Problem to solve:
The answer is all of the data repeated exactly, with each picture omitted.

Given information:
# # # # #

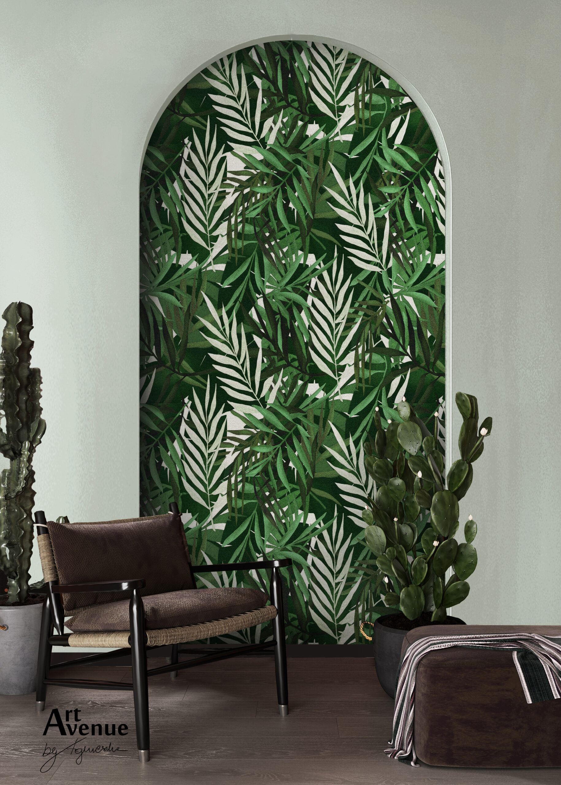 Grafika z tropikalnym zatrzęsieniem to zastępstwo w dobrym guście dla popularnej monstery. Na różnych płaszczyznach  tonów i tekstur opracowano oryginalny efekt, którego zastosowanie całkowicie odmieni wnętrze. Artystyczna tapeta ścienna PREMIUM z motywem graficznym do zastosowania na ścianie, kaflach, meblach – w kształcie łuku o wymiarach 240×120 cm.
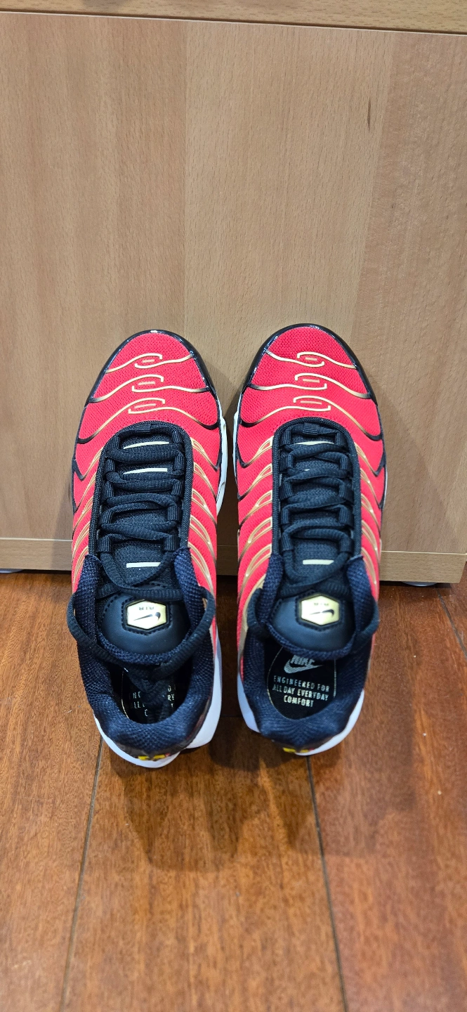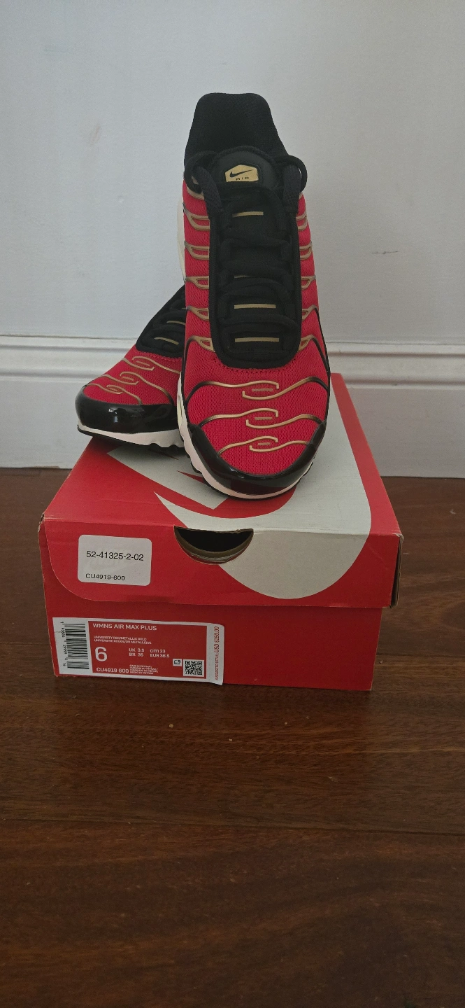 Nike Air Max Plus shoes. Size 6. Red, black, and gold color scheme. New in box.
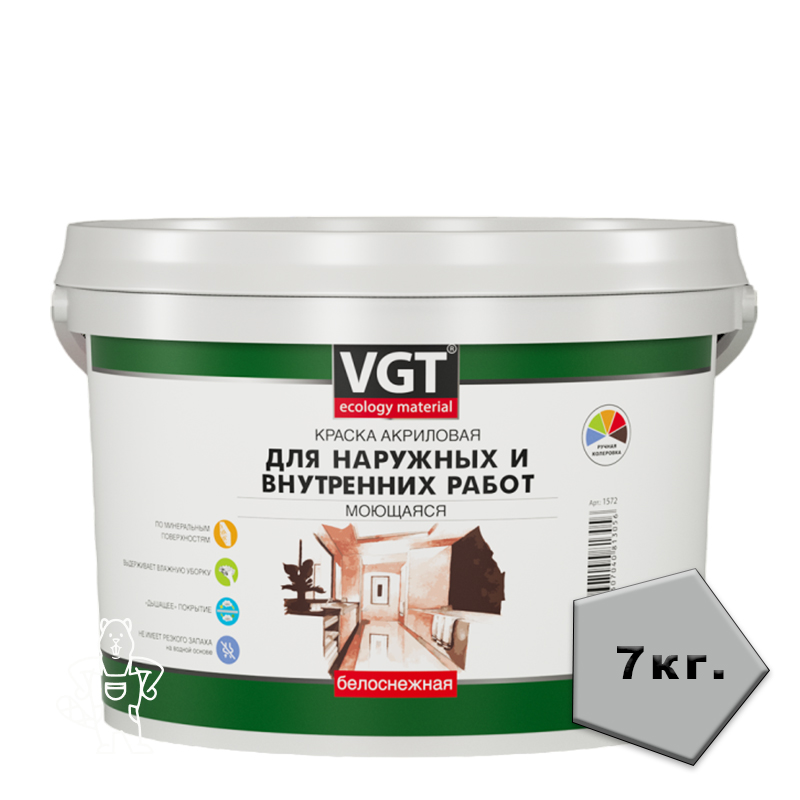 Купить КРАСКА ВД-АК-1180 ДЛЯ НАР/ВН РАБ МОЮЩАЯСЯ БЕЛОСНЕЖНАЯ 7 КГ ВГТ в Ликино-Дулево с доставкой по городу и в другие города.

# # # # #

Exercise result:
 Grafika z tropikalnym zatrzęsieniem to zastępstwo w dobrym guście dla popularnej monstery. Na różnych płaszczyznach  tonów i tekstur opracowano oryginalny efekt, którego zastosowanie całkowicie odmieni wnętrze. Artystyczna tapeta ścienna PREMIUM z motywem graficznym do zastosowania na ścianie, kaflach, meblach – w kształcie łuku o wymiarach 240×120 cm.
 Nike Air Max Plus shoes. Size 6. Red, black, and gold color scheme. New in box.
 Купить КРАСКА ВД-АК-1180 ДЛЯ НАР/ВН РАБ МОЮЩАЯСЯ БЕЛОСНЕЖНАЯ 7 КГ ВГТ в Ликино-Дулево с доставкой по городу и в другие города.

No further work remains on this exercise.